Of key consideration to this work are embedded applications that involve signal and image processing (SIP). These applications typically require the aggregation and processing of many data points collected from various locations over a period of time. This data originates from sensors or other continuous data streams. A typical example of this is a camera or other sensor placed on an unmanned air vehicle (UAV). Applications in this domain require significant computing power in the form of high-bandwidth data access and streaming processing capabilities. In addition, they must achieve this using a low power budget.

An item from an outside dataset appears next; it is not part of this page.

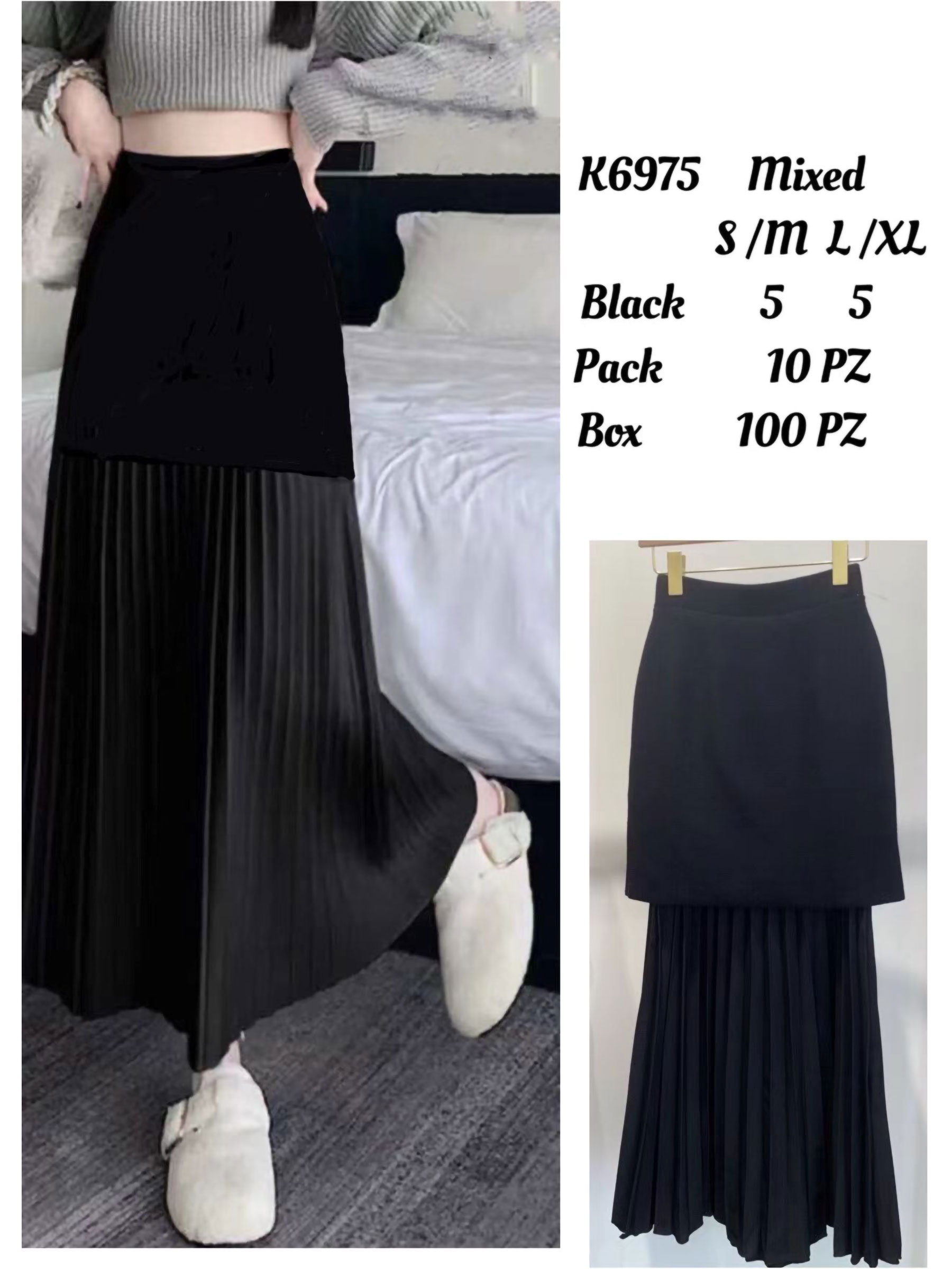 Gonna lunga abbinata con top liscio e parte inferiore plissettata. Vita elastica e senza chiusura.
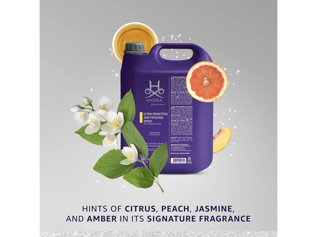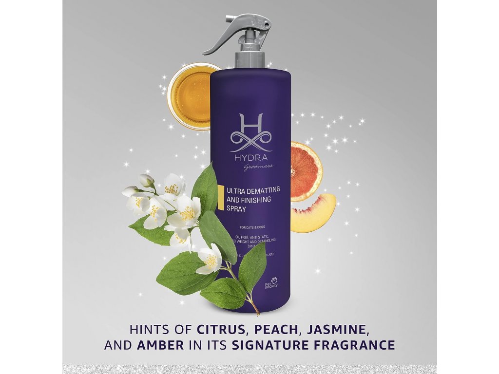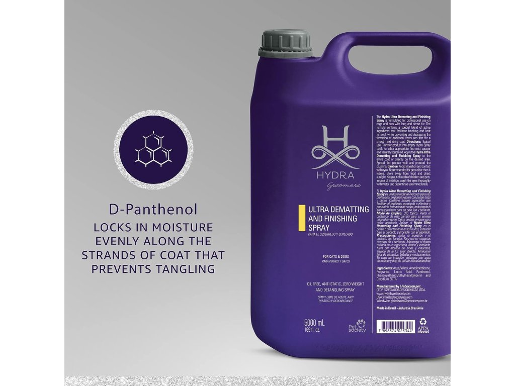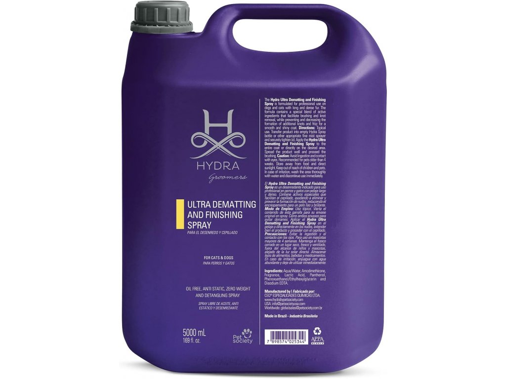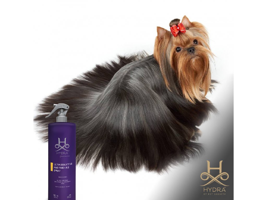 Hydra ultra rozčesávací a finální sprej je určen pro profesionální použití u psů a koček s dlouhou a hustou srstí. Složení obsahuje speciální směs účinných látek, které usnadňují vyčesávání a odstraňování zacuchání a zároveň zabraňují a snižují tvorbu dalších uzlíků a zacuchání pro hladkou a lesklou srst. Tento speciální sprej zkracuje čas strávený kartáčováním a rozčesáváním a zároveň dodává srsti lesk a hebkost.

In a circuit-switched network, a control network provides a mechanism for setting up and tearing down energy-efficient, high-bandwidth, end-to-end circuit paths. This method effectively relaxes the relationship between router buffer size, a large contributor to NoC power, and performance because router buffers do not become directly congested as communication demands grow. The control network uses smaller buffers and channels to transmit the small control messages, which reduces the total amount of buffering (and thus power) in the network. Because the higher-bandwidth data plane is circuit-switched end-to-end, it suffers from higher latency due to the circuit-path setup overhead, which must be amortized through a combination of larger messages and well-scheduled or time-division multiplexed communication patterns.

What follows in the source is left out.